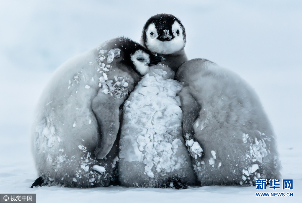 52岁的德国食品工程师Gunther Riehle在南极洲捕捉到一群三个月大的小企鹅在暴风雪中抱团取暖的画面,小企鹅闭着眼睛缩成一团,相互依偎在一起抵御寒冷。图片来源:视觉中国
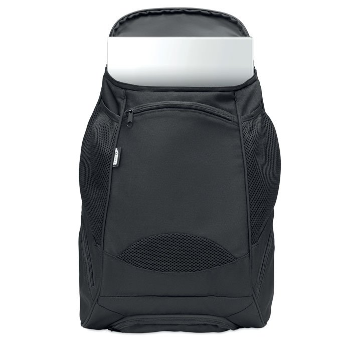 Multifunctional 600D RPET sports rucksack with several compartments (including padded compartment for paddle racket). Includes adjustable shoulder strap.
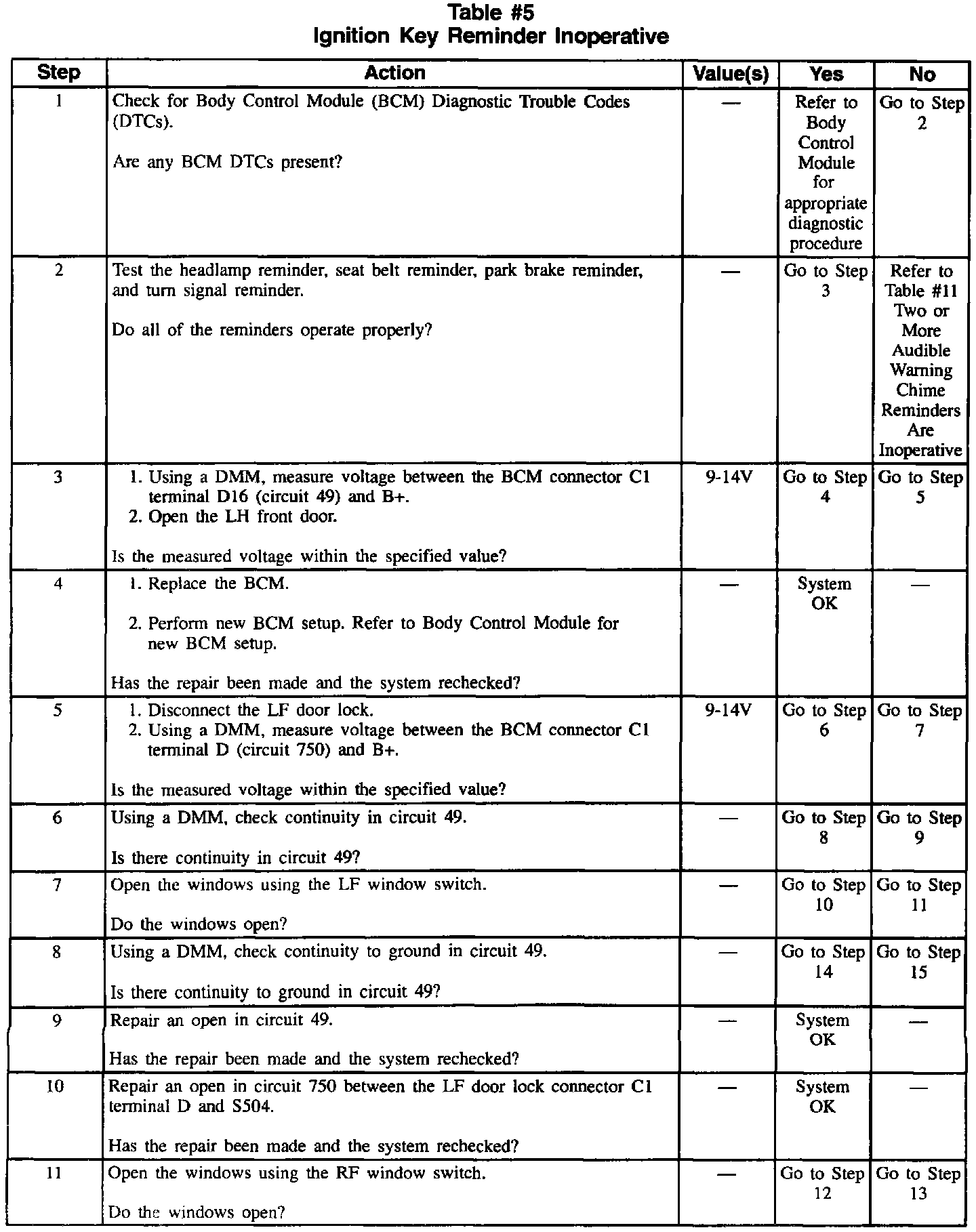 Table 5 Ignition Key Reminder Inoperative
------------------------------------------------
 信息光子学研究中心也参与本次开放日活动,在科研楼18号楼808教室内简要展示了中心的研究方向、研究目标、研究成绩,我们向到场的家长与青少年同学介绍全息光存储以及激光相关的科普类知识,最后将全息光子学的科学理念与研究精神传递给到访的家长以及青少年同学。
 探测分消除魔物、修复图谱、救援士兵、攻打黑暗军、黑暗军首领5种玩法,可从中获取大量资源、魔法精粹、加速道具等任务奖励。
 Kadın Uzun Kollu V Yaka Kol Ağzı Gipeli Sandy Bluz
------------------------------------------------
*WORK INSTRUCTIONS*
Look above for the line holding "探测分消除魔物、修复图谱、救" and the line holding "Kadın Uzun Kollu". Retype both, and every line between them, word for word and nothing else.

*THE COMPLETED TASK*
 探测分消除魔物、修复图谱、救援士兵、攻打黑暗军、黑暗军首领5种玩法,可从中获取大量资源、魔法精粹、加速道具等任务奖励。
 Kadın Uzun Kollu V Yaka Kol Ağzı Gipeli Sandy Bluz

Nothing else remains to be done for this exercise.